Nothing is lonelier than being separated.
“We are lucky,” we answer back. But we are not. We are worried. “Cut yourself in half,” we tell people. “See how that feels and you will stop wanting a twin.”
People ask questions. “Do you know what the other is thinking? Do you have ESP? Do you dream the same dreams when you sleep?” I answer yes. I say, “I think what she thinks.” It’s easier than telling the truth. Now we are conflicting languages, snake-spit Babel. Sister explains me with her camera. I tell on her with my words, and I also tell on myself.

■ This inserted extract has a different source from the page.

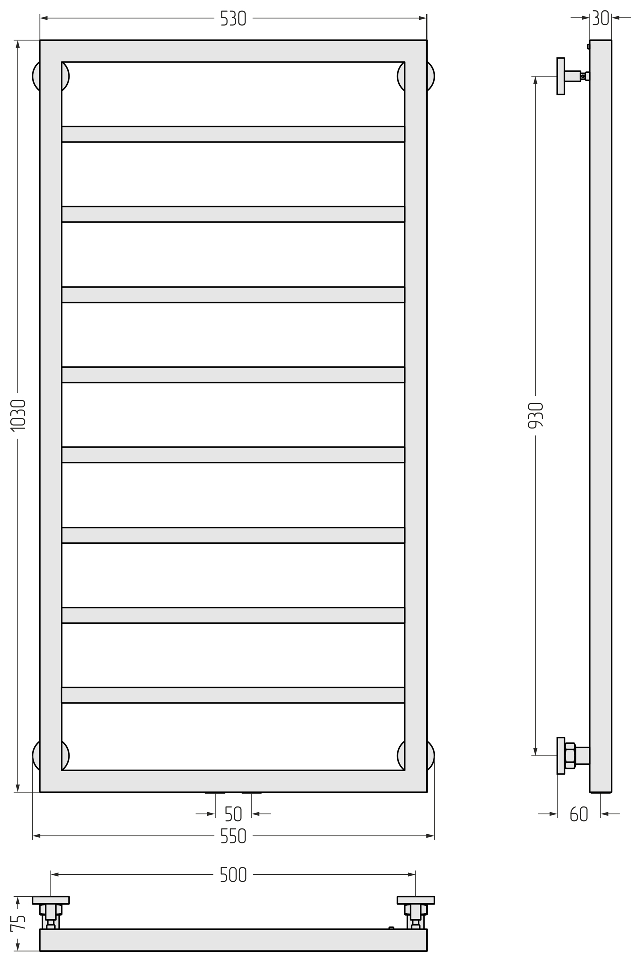 Полотенцесушитель водяной Сунержа Канцлер П8 500x1030 мм 03-0254-1050, золото
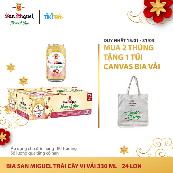 - Thùng 24 Lon Bia SAN MIGUEL Trái Cây Vị Vải 330 ml chất bia vàng nhạt sánh mịn , dễ uống , khơi gợi vị bia trái cây tươi mát với hương vị vải riêng biệt , ngọt ngào và tinh tế , nồng độ cồn 3 độ.

Certainly we’d talked about what we’d do if one of us died before the other. The answer was always suicide and our plans were the plots of girls who never suspected they’d really lose the other. We’d schemed since grade school about how we’d seal our pact: in the case of illness we’d hold a bedside vigil and ingest a dose of cyanide. In the case of an accident, the injured twin was not allowed to die until she stumbled to a pay phone and called the other. The unharmed twin would take her life by whatever means she possessed: Drano, phone cord, knife, swan dive from a cliff.
Instead, after my sister died, I spent years in the shroud of her white tattered scarf from Nepal; I wore her wedding rings and her favorite dresses. I slept in them until they tore. So be it. I love her, like I love no one else. I am in love with Cara. If I couldn’t die with her, I could write my sister back to life.